3.2.1 Realismo Mágico: Estranho Demais Para Acreditar?

3.2.1.1 Realismo maravilhoso

Pode-se notar que tanto o uso do conceito de realismo mágico quanto do real maravilhoso para designar as novas narrativas latino-americanas aconteceram devido justamente ao fato para o qual Carpentier (2009, p. 12) chama atenção: as histórias acontecidas aqui se tornam maravilhosas ou mágicas de um modo impossível de acontecer na Europa, e como o próprio autor escreveu: “mas o que é a história da América toda senão uma crônica do real maravilhoso?”.

Maravilhoso este que melhor descreve a realidade opressiva e descomunal da América Latina, segundo pesquisadoras como Figueiredo (2013b) e também Chiampi (2008) que adotaram esse conceito cultural para esse realismo em contexto latino-americano. Trata-se, então, de uma vertente da ficção latino-americana que, segundo Figueiredo (2013b, p. 17), se constituiu como uma afirmação identitária do subcontinente, além de “uma revisão crítica da modernidade ocidental”. Levando em consideração o maravilhoso como um conceito cultural que nos remete aos primeiros viajantes que passaram pelo Continente, Rodríguez Monegal (2008, p. 11) expõe que “o maravilhoso é um conceito literário europeu; que foram os descobridores e conquistadores, os que o aplicaram primeiro à América para documentar sua estranheza de forasteiros diante de uma realidade exótica”.

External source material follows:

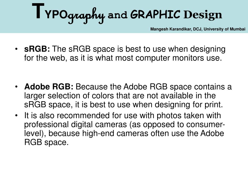 sRGB: The sRGB space is best to use when designing for the web, as it is what most computer monitors use. • Adobe RGB: Because the Adobe RGB space contains a larger selection of colors that are not available in the sRGB space, it is best to use when designing for print. • It is also recommended for use with photos taken with professional digital cameras (as opposed to consumer-level), because high-end cameras often use the Adobe RGB space.

Chiampi (2008) elucida o “porquê histórico” da preferência pela adoção do termo realismo maravilhoso em detrimento de realismo mágico, já que este é de uso corrente na crítica latino-americana. A autora chama atenção para o dilema da

nomeação encarado pelo conquistador ao se deparar com a realidade complexa e

estranha do Novo Mundo que o levou a evocar o maravilhoso para a solução daquilo que fugia a racionalidade europeia. Esta acepção coloca o fazer poético em comparação com o poder de criação da palavra presente nas cosmogonias de vários povos antigos, entre eles as mesoamericanas. A criação verbal parece ser inerente à magia que remete ao realismo mágico. Porém, Chiampi (2008) indica que quando ocorre a “incorporação de mitos, tradições ou situações de conteúdo mágico, torna- se desnecessário recorrer ao termo magia, de outro âmbito cultural, para qualificar o elenco de motivos que as culturas nativas provêm à literatura de ficção”.

“Un problema muy serio que nuestra realidad desmesurada plantea a la literatura, es el de la insuficiencia de las palabras”, escreveu García Márquez (1979, p. 6). A criação verbal está ligada à necessidade literária em construir um referencial de tudo que jaz inominado na América Latina, assim como lembra Chiampi (2008, p. 46) ao citar Carpentier33 (1967, p. 37): “[...] nosotros, novelistas latino-americanos, tenemos que nombrarlo todo – todo lo que nos define, envuelve y circunda: todo lo que opera con energía de contexto – para situarlo en lo universal”. Figueiredo (2013b, p. 16) aclara a ideia de Carpentier: para a autora, desde uma perspectiva interna, o maravilhoso é o meio para a redescoberta da América, porém “caberia aos escritores latino-americanos a missão de revelar esse novo mundo, forjando uma nova linguagem, apta para expressá-lo, capaz de dar conta dos insólitos acontecimentos que pontuam a nossa história cotidiana”. Dessa forma, “sería necesario crear todo un sistema de palabras nuevas para el tamaño de nuestra realidad” (GARCÍA MÁRQUEZ, 1979, p. 6).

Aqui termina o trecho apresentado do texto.